## [Instructions to follow]
Output only the lines of the entries that follow, starting at the one with "Описаниехолодильник однокамерный встраиваемый, 123" and running down to the one with "品名 : トートバッグ中", both included and unchanged.

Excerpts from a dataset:
========================================================================

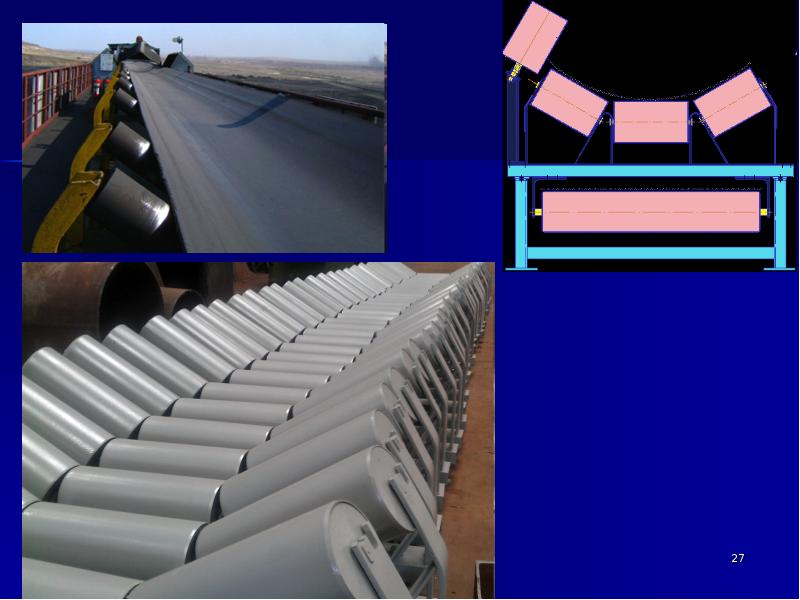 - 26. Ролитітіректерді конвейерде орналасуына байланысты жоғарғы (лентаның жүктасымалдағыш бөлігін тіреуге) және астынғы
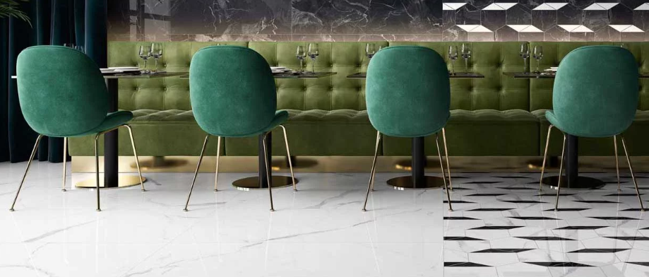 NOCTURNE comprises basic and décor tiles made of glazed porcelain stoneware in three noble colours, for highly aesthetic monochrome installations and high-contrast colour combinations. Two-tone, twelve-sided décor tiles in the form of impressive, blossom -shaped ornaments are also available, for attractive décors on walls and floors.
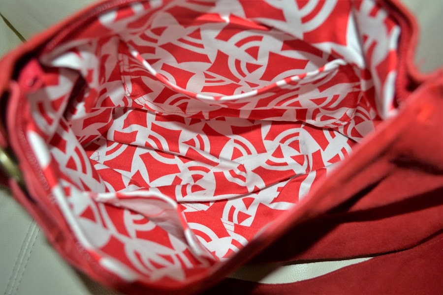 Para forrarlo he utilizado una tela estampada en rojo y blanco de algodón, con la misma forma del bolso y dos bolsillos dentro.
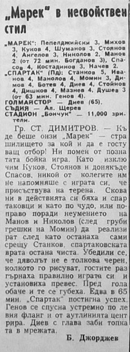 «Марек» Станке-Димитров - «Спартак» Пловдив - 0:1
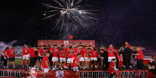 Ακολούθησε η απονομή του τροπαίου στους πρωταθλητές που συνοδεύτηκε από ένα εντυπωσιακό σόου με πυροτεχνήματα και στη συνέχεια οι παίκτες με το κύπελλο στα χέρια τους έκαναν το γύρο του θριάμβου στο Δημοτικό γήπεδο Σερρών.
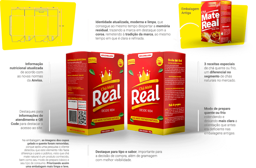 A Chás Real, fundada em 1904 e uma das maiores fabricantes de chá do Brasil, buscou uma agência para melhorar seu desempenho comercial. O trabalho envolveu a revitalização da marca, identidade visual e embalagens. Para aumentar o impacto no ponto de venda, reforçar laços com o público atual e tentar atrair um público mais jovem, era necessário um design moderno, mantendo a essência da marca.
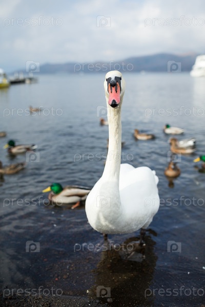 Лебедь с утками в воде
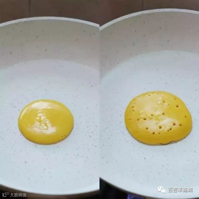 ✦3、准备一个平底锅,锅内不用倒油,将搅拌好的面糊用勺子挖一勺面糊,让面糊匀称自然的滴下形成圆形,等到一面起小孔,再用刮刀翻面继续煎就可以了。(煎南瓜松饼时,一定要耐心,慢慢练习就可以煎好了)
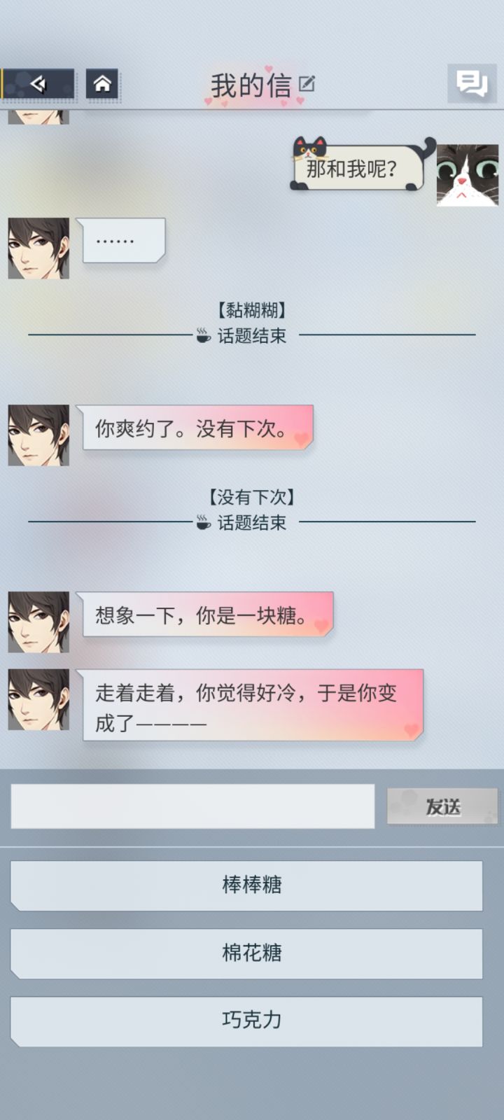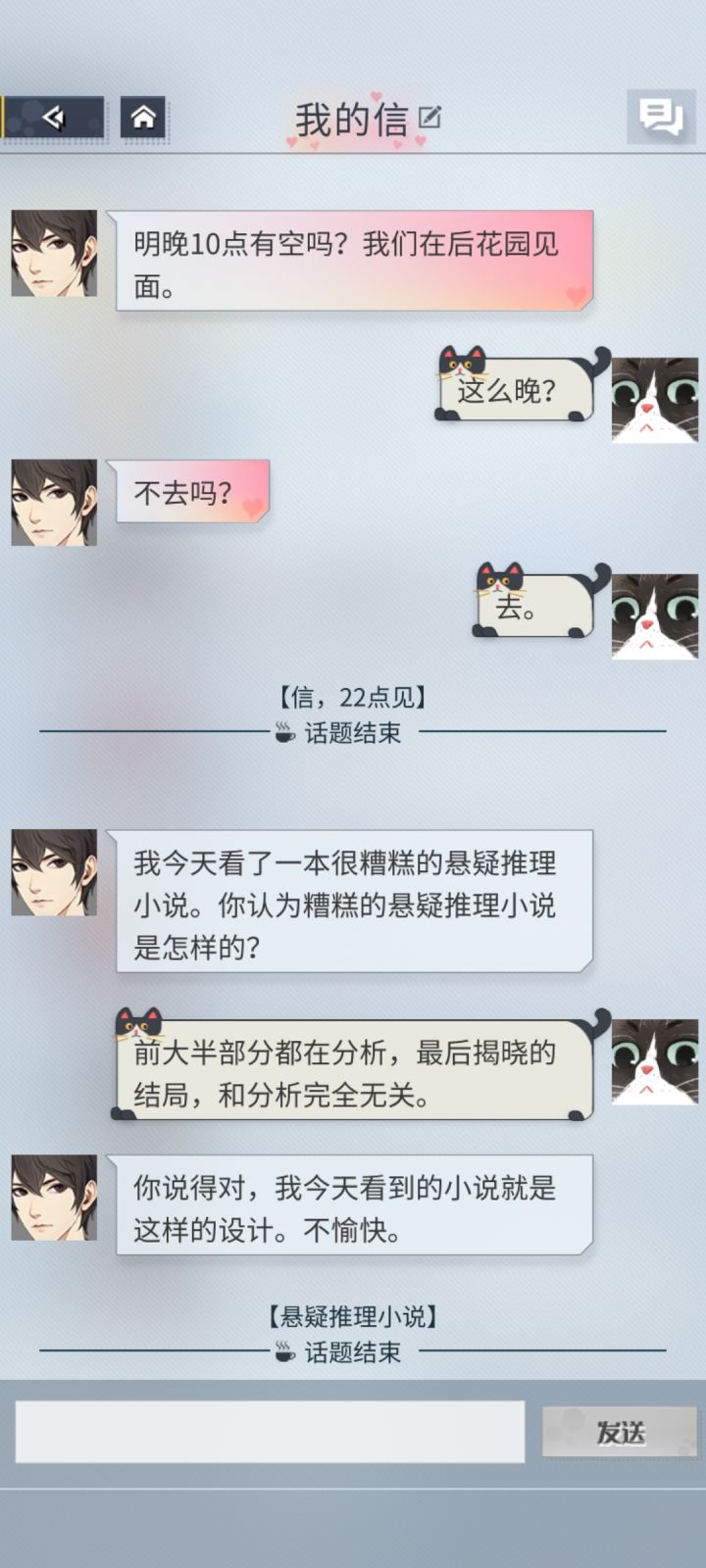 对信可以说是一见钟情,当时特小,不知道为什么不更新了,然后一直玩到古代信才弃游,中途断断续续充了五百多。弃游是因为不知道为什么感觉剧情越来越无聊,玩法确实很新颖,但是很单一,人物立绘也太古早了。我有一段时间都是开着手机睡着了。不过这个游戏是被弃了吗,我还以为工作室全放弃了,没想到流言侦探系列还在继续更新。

========================================================================

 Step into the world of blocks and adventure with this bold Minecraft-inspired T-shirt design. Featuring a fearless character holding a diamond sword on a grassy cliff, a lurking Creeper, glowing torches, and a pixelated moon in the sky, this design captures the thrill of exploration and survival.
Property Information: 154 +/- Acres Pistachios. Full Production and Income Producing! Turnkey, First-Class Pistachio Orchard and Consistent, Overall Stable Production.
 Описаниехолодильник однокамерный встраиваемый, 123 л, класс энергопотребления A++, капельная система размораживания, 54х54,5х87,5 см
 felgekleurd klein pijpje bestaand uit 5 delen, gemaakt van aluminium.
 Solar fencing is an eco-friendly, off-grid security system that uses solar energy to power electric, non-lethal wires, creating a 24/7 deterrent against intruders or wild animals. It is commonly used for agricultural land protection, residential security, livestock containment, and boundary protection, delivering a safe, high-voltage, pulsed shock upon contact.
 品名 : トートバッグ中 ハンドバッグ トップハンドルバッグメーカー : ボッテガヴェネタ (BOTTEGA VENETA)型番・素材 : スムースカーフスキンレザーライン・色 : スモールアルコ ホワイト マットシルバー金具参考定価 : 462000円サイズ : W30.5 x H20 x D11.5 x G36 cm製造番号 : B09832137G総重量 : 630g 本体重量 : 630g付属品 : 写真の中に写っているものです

========================================================================

## [Result of this task]
 Описаниехолодильник однокамерный встраиваемый, 123 л, класс энергопотребления A++, капельная система размораживания, 54х54,5х87,5 см
 felgekleurd klein pijpje bestaand uit 5 delen, gemaakt van aluminium.
 Solar fencing is an eco-friendly, off-grid security system that uses solar energy to power electric, non-lethal wires, creating a 24/7 deterrent against intruders or wild animals. It is commonly used for agricultural land protection, residential security, livestock containment, and boundary protection, delivering a safe, high-voltage, pulsed shock upon contact.
 品名 : トートバッグ中 ハンドバッグ トップハンドルバッグメーカー : ボッテガヴェネタ (BOTTEGA VENETA)型番・素材 : スムースカーフスキンレザーライン・色 : スモールアルコ ホワイト マットシルバー金具参考定価 : 462000円サイズ : W30.5 x H20 x D11.5 x G36 cm製造番号 : B09832137G総重量 : 630g 本体重量 : 630g付属品 : 写真の中に写っているものです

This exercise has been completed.